It takes a great deal of heat to melt rocks into magma. I wonder… is there a similar technique that allows a cold heart to soften with warmth? To light a match under the ribcage and hope the ice melts before spring? I think about what it must be like to turn stone cold earth into flaming hot lava when my mother steps into a room. Lately my sister and I have noted her frosty attitude towards my grandmother and it has been spreading. An elderly woman slowly losing her mind, she is not as fragile as one might expect. No, we suspect a more sophisticated hidden agenda behind her “dementia” as she has been diagnosed.
Day after day, for years now, the igneous rock that is my mother’s heart has cooled with tension, anger, and frustration. Of course my sister and I reap the bad fortune which follows this cycle. Her anger is projected on us and I have been trying to warm her spirits ever since, for my own sake. My grandmother can not live at home anymore by herself, and every solution has been shot down by her twisted games. She has refused nursing homes, beating the care givers with her cane. She has refused personal care givers in her apartment, clogging the toilet and blaming it on them.
My mother is almost positive she is faking dementia all together to make her life miserable. My sister and I do what we can to help, but we have our own lives as well.
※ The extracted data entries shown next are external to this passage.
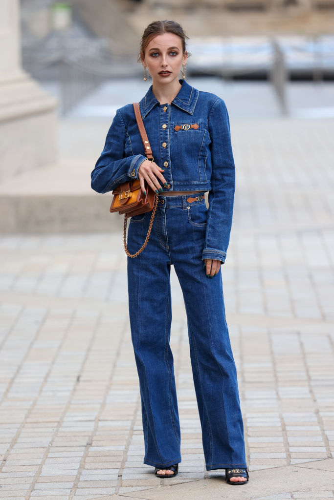 人気ファッショニスタのエマ・チェンバレンは、Louis Vuitton(ルイ・ヴィトン)のGジャンにセンターラインが入ったワイドデニムを合わせたキレイめな「デニムONデニム」コーデ。深いインディゴと相性のよいキャメル系のバッグでクラシカルな印象に。
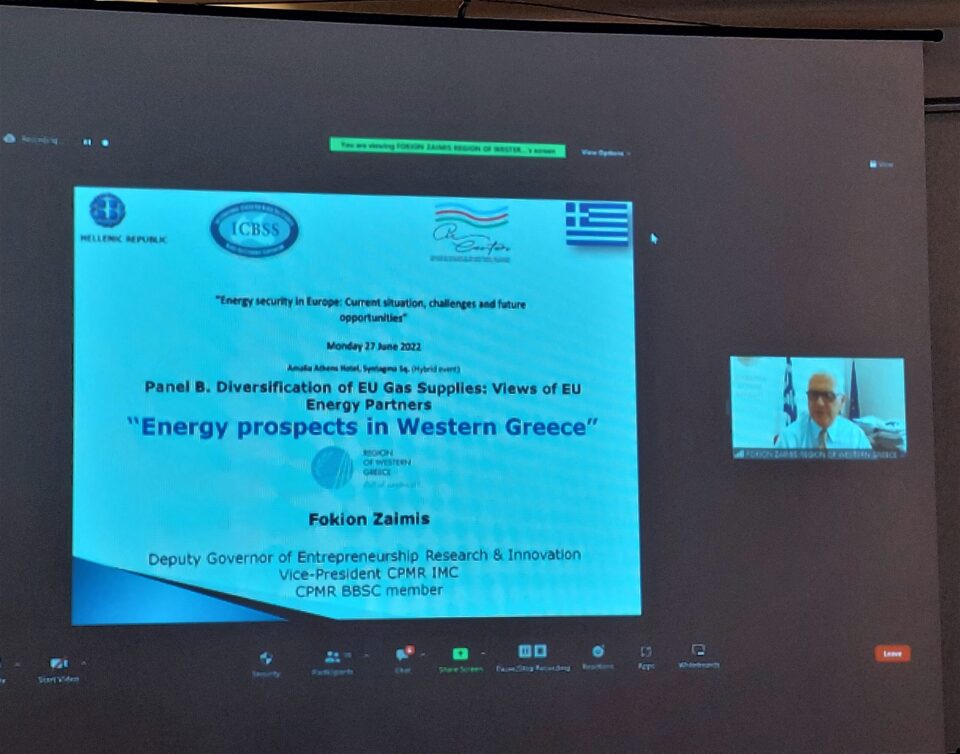 Ο Αντιπεριφερειάρχης επιχειρηματικότητας Έρευνας και Καινοτομίας, Φωκίων Ζαΐμης συμμετείχε διαδικτυακά στην εκδήλωση του Διεθνούς Κέντρου Μελετών Ευξείνου Πόντου (ΔΙΚΕΜΕΠ) και του Κέντρου Ανάλυσης του Διεθνών Σχέσεων (AIR Center) του Αζερμπαϊτζάν με θέμα η «Ενεργειακή ασφάλεια στην Ευρώπη: Τρέχουσα κατάσταση, προκλήσεις και μελλοντικές ευκαιρίες» που έγινε πρόσφατα στην Αθήνα.
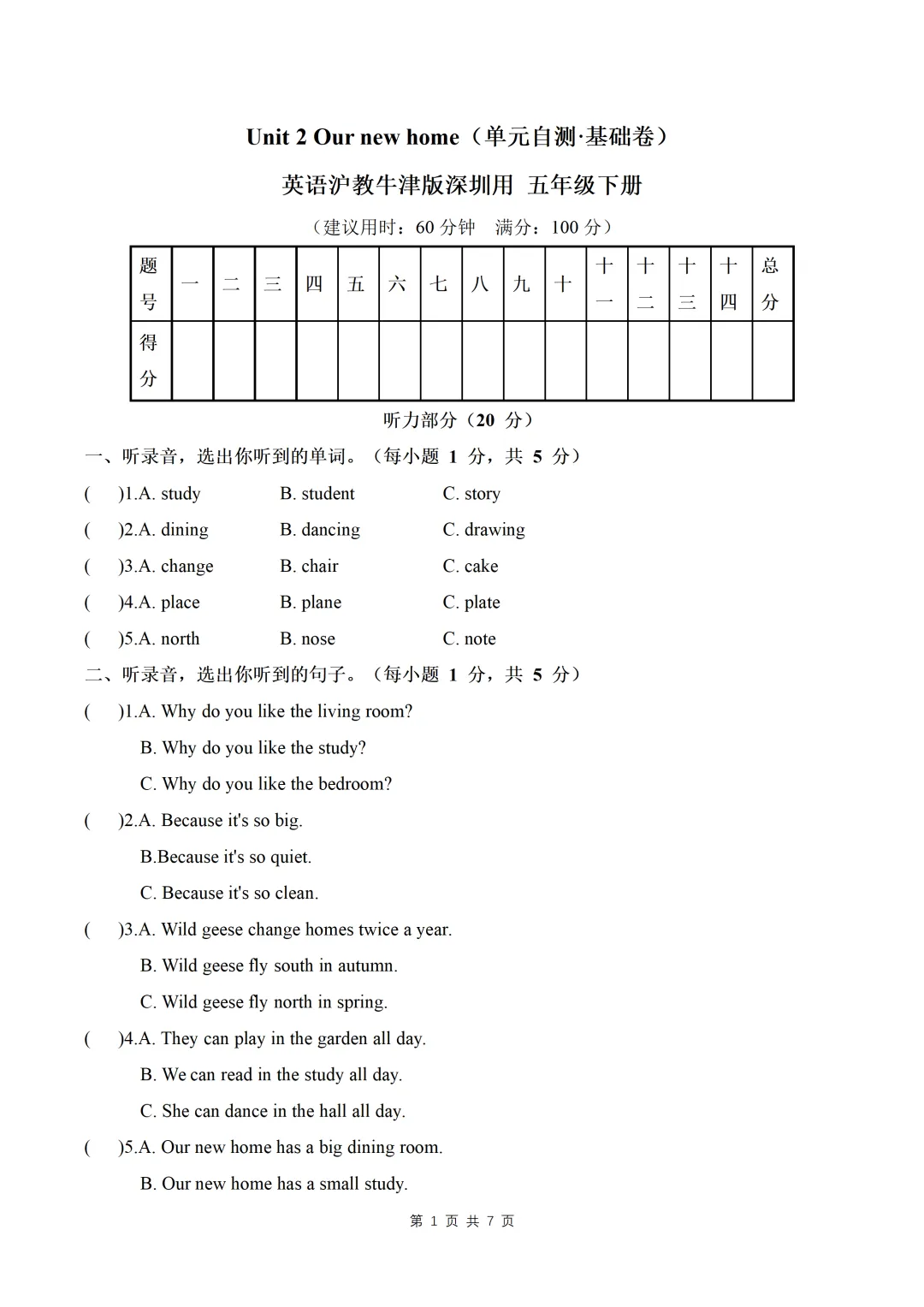 Unit 2 Our new home (单元自测·提升卷)
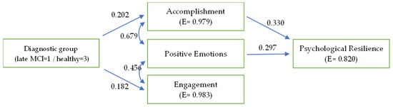 With regard to the first path model confirmed, it has a good fit to the data, χ2 (7) = 7.138, p > 0.05, CFI = 0.999, SRMR = 0.050, and RMSEA = 0.019 (90% CI: 0.000–0.163). According to the path analysis model (Figure 1), healthy people have higher levels of engagement and accomplishment—the last of which is associated to higher psychological resilience—than people with advanced MCI. Nevertheless, positive emotions are positively related to engagement and accomplishment, and they appear to “lead” to psychological resilience directly and indirectly based on accomplishment, independently of the group type.
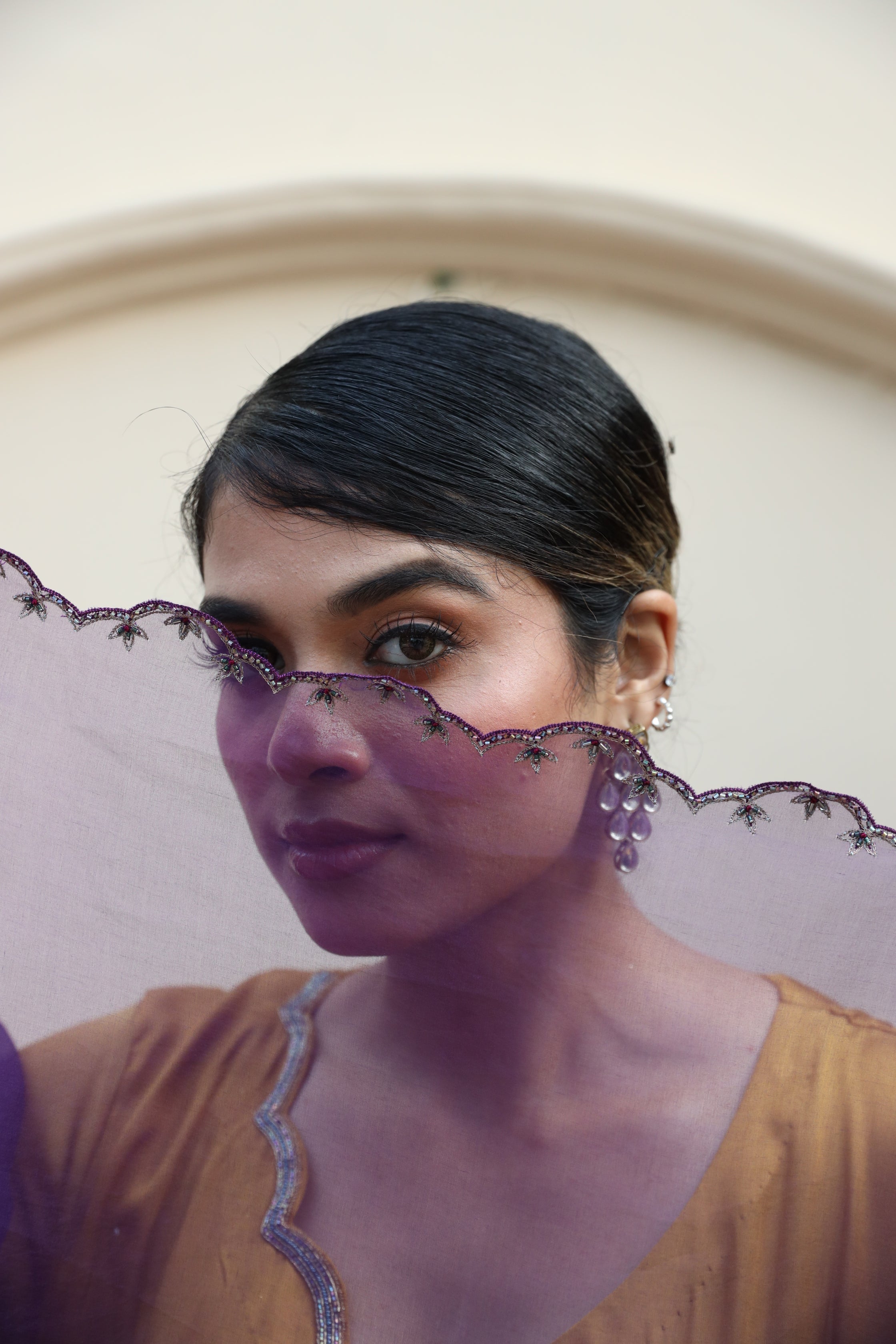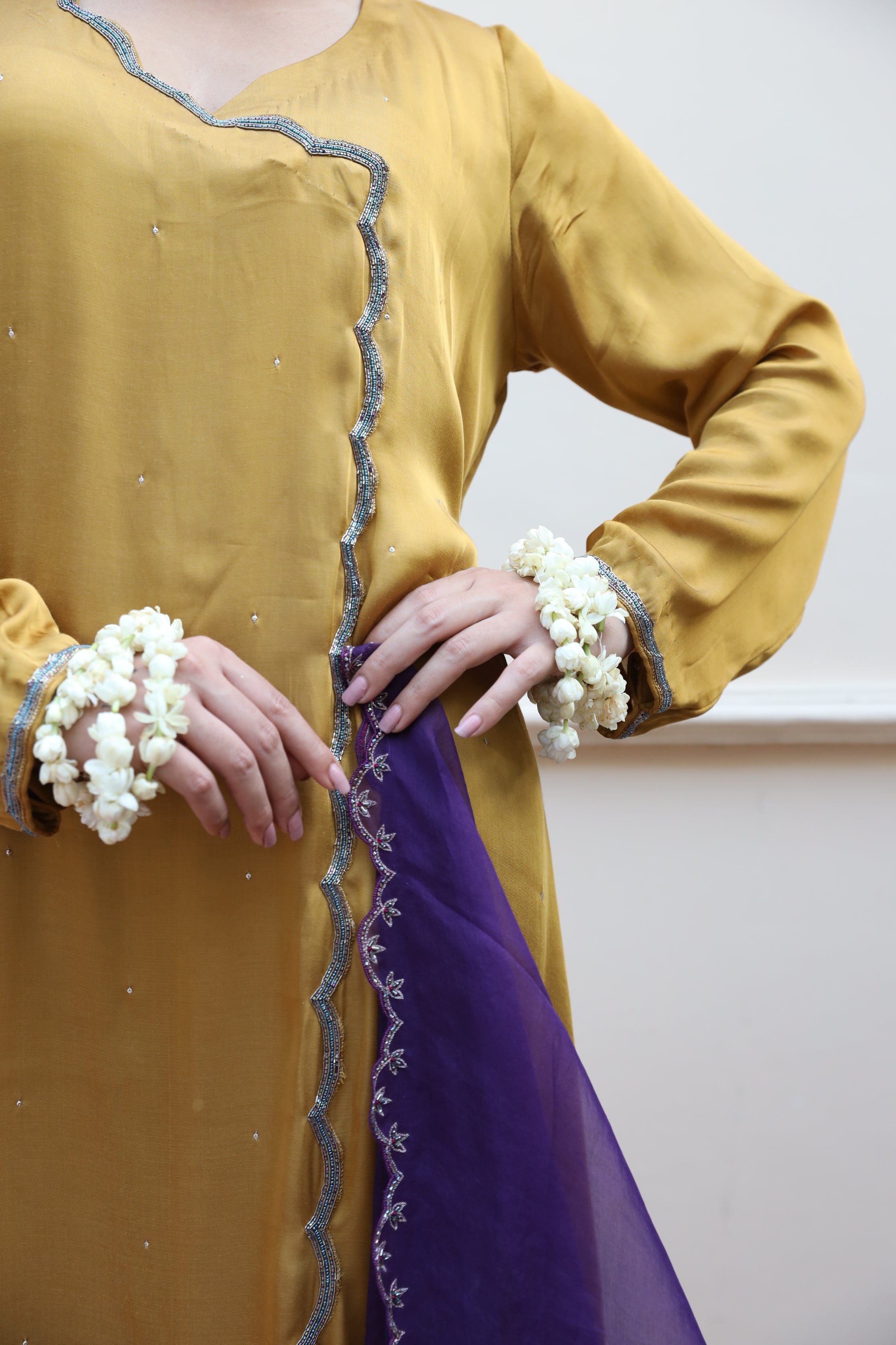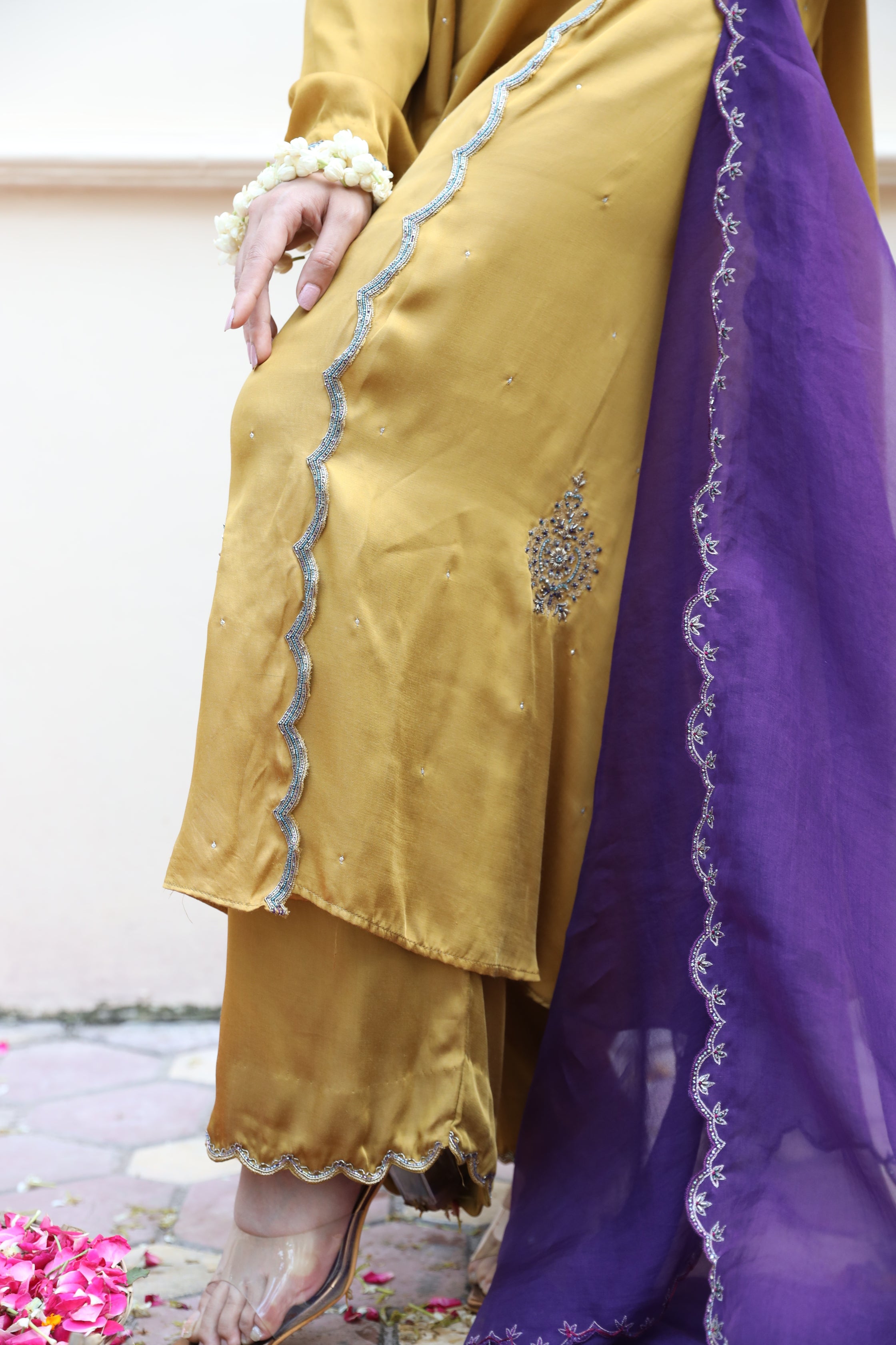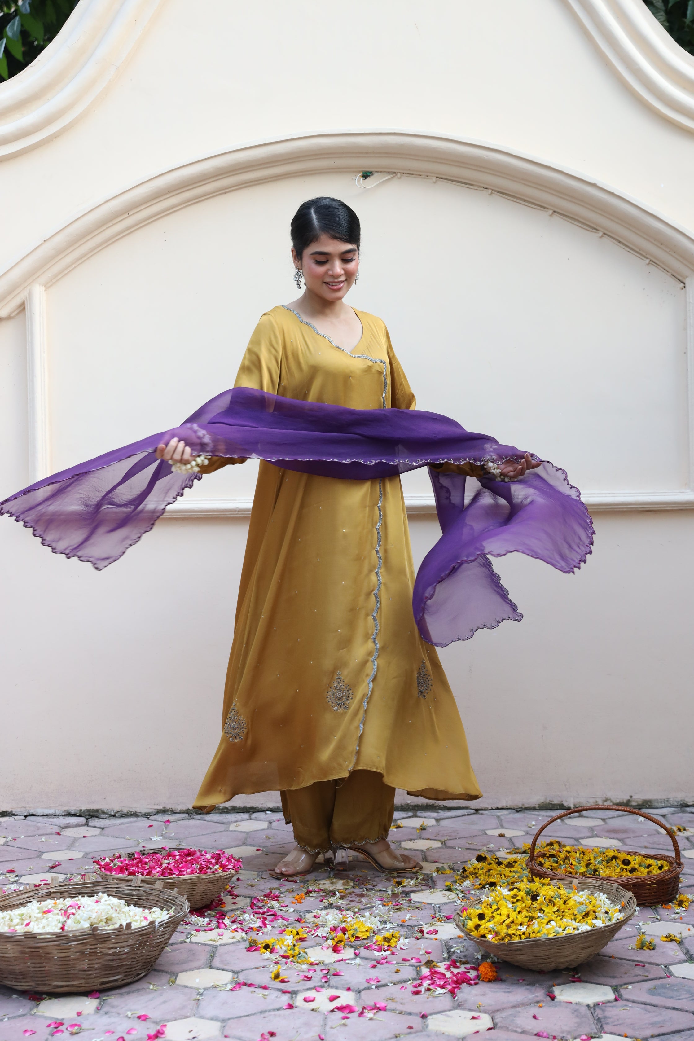 Mustard Kurta Set with Contrasting Purple Dupatta
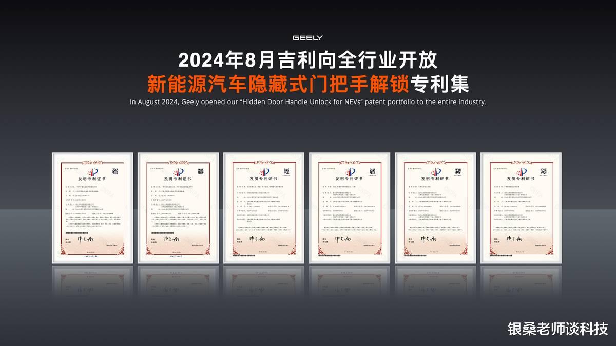 在新能源安全领域,吉利雷霆电驱、神盾金砖电池、车云一体AI BMS等技术均融合AI底层能力,神盾金砖电池更成功通过8针同刺、真弹贯穿、行业首个“整车+整包”带电六大串行试验等多项远超国标的“极限测试”,树立行业安全新标杆。公域安全方面,吉利已参与115项安全技术标准的制定,在全球范围内的权威安全评测中,已经获得超过70个最高安全评级,并向全行业开放共享电池底部安全、门把手安全等专利集及一键破窗技术,推动行业安全标准升级。此外,吉利在健康安全、防盗安全和数字安全等领域均储备数十种新技术。

It takes a bulk of patients and positivity for me to stay warm and loving as the horrible energy running through my family attacks our spirits, and during the holidays nonetheless. I try to pretend there are no problems, that like my friends and their families, my family is in good cheer.
Slowly but surly I feel my own soul cooling, my own spirit hardening like my mothers. I do not have the same twinkle of holiday joy I’ve spread in previous years. This afternoon I noticed a shift in my step, a literal change in the way I walk. I was angry.
After being scolding four times in twenty-four hours for reasons unclear, the level of patients I keep under my belt snapped. I slammed our front door without a goodbye and drove off to Starbucks where I sit typing this post at full speed. Since the outburst my nerves have simmered down, but I’d just like to know, would a little joyous heat melt that rock my mother calls a heart? Or would it add flames to her horns as she sits with her pitch fork in hand?